An embedding model converts text, documents, or images into numerical vectors that represent their meaning. These vectors are stored in a vector database, allowing systems to search for information based on similarity rather than exact keywords.

Different embedding models are designed for different purposes. Some are optimized for long document retrieval, others for multilingual understanding, code search, or semantic similarity. **Choosing the right embedding model helps ensure that the system retrieves the most relevant information for a given task**.

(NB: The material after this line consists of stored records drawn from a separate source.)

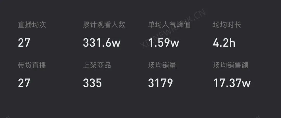 开播至今,东方甄选直播27场,累计观看人次331.6万,单场人气峰值1.59万,场均销售额17.37万元。
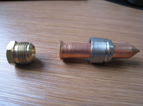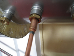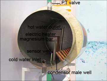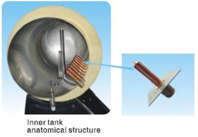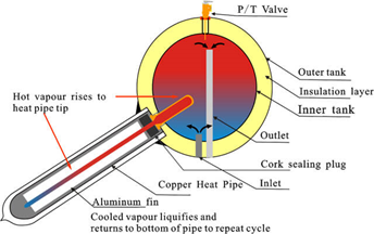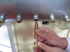 This copper tube is heated by the action of the Sun at very high temperatures. The tip of this copper tube is inserted in the water tank but without touching the water since the tank has screwed up some very thin copper caps in its structure (see pictures) where the cooper tube is inserted and this, in turn, heats the water that is contained into the thermal tank. This system is today the most efficient and safe. The water temperature also reaches 176 °F.
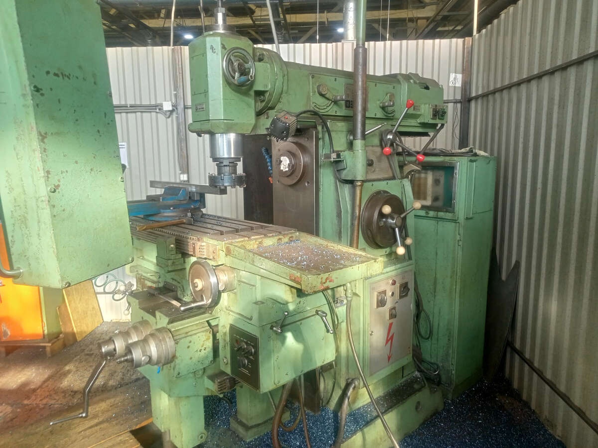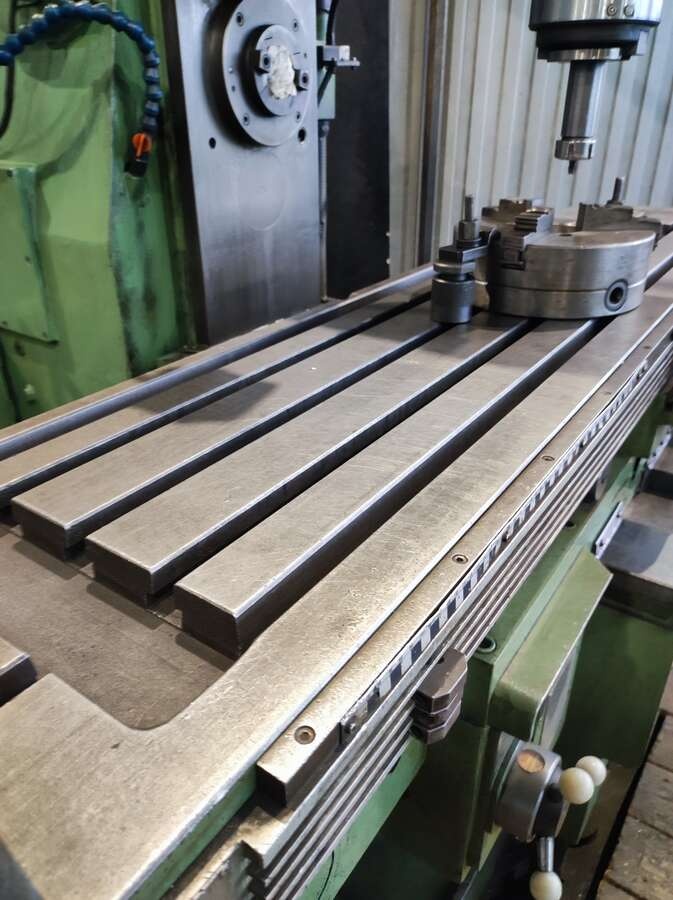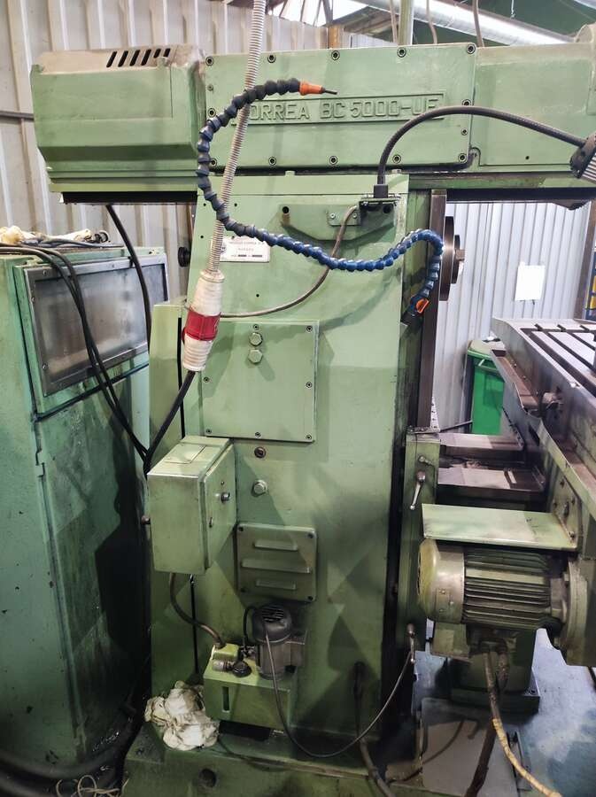 Универсальный фрезерный станок CORREA BC5000-UE консольной конструкции, предназначенный для фрезерования как при помощи горизонтального шпинделя, как например цилиндрическими, модульными и др. фрезами, так и устанавливаемыми в шпиндель поворачивающейся на 360° вертикальной, расположенной на хоботе и способной перемещаться перпендикулярно оси хода стола головки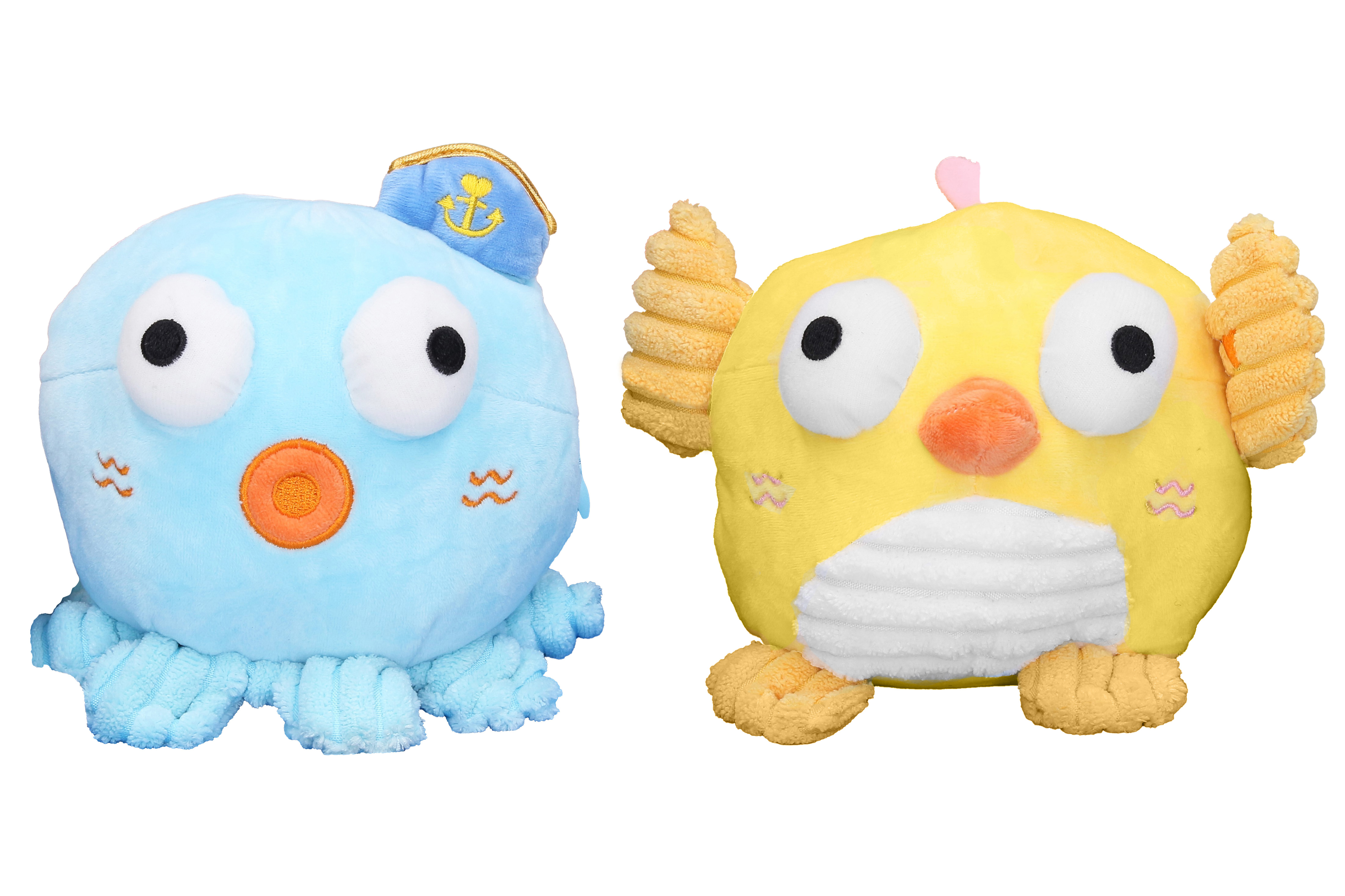 Opakovací zvířátko. Velikost 15cm. Stisknutím klepítka(krab), korunky(červená chobotnice), křídla(kuře) nebo čepice(modrá chobotnice) se spouští nahrávání a zvířátko rovnou opakuje co slyší. Dalším stiknutím se zapnou písničky, dalším opět nahrávání atd. Vypíná se on/off přepínačem uvnitř zvířátka. Zezadu má zip. 3xAAA baterie nejsou součástí. 4 varianty -krab, kuře, modrá chobotnice, červená chobotnice

| Embedding Model          | Best Uses                                                            | Description                                                                                                                                                                   |
| ------------------------ | -------------------------------------------------------------------- | ----------------------------------------------------------------------------------------------------------------------------------------------------------------------------- |
| Text Embedding 3 Large   | Enterprise Search, Large Document Retrieval, Knowledge Base Indexing | Handles accurate semantic search and retrieval across complex datasets.                                                                                                       |
| Text Embedding Ada 002   | Legacy Systems, Lightweight Semantic Search, Simple Vector Databases | Suited for basic semantic search and lightweight applications at lower costs.                                                                                                 |
| Gemini Embedding 001     | Multi-lingual Datasets, RAG pipelines                                | Best suited for multilingual and long-context document retrieval. It performs well across multiple languages and maintains strong semantic understanding in longer documents. |
| Multilingual Embedding 2 | Multilingual Search, Cross-Language Document Retrieval.              | For multilingual text retrieval, similarity, and search across many languages.                                                                                                |
| English Embedding 4      | English-only datasets, document retrieval.                           | <p>Optimized for English </p><p>documents.</p>                                                                                                                                |

#### Advanced Settings

* **Language**: Select the language(s) used in the database to improve retrieval accuracy.
* **Chunk Size**: Determines how much text from a document is processed in each segment. Smaller chunks focus on specific details and improve precision, while larger chunks include more context but may introduce less relevant information.\
  \&#xNAN;*Important: Chunk Size must always be larger than Chunk Overlap.*
* **Chunk Overlap**: Controls how much text is shared between neighboring chunks. More overlap helps maintain context between chunks, while less overlap improves processing efficiency.
* **Smart Table Processing:** Detects tables in PDFs and converts them into structured text that is readable for LLMs. This uses additional compute costs.
* **Smart Image Processing:** Detects images in PDFs and converts any readable content into structured information for LLMs. This uses additional compute costs.
* **Smart OCR Processing:** Adds an OCR-based upload option for scanned or complex PDFs. This uses additional compute costs.
* **Image Extraction:** Extracts images from PDFs or image files (e.g. PNG, JPEG) so these images can be referenced in the responses.
* **Contextualized Chunking \[Experimental]:** Adds an LLM-generated summary header to each PDF chunk. This helps retrieval systems understand the context of each section, improving search and answer relevance.
* **Enable Large PDF Chunk:** Concatenates multiple PDF pages into 1 chunk (for a larger chunk size)


---

# Agent Instructions: Querying This Documentation

If you need additional information that is not directly available in this page, you can query the documentation dynamically by asking a question.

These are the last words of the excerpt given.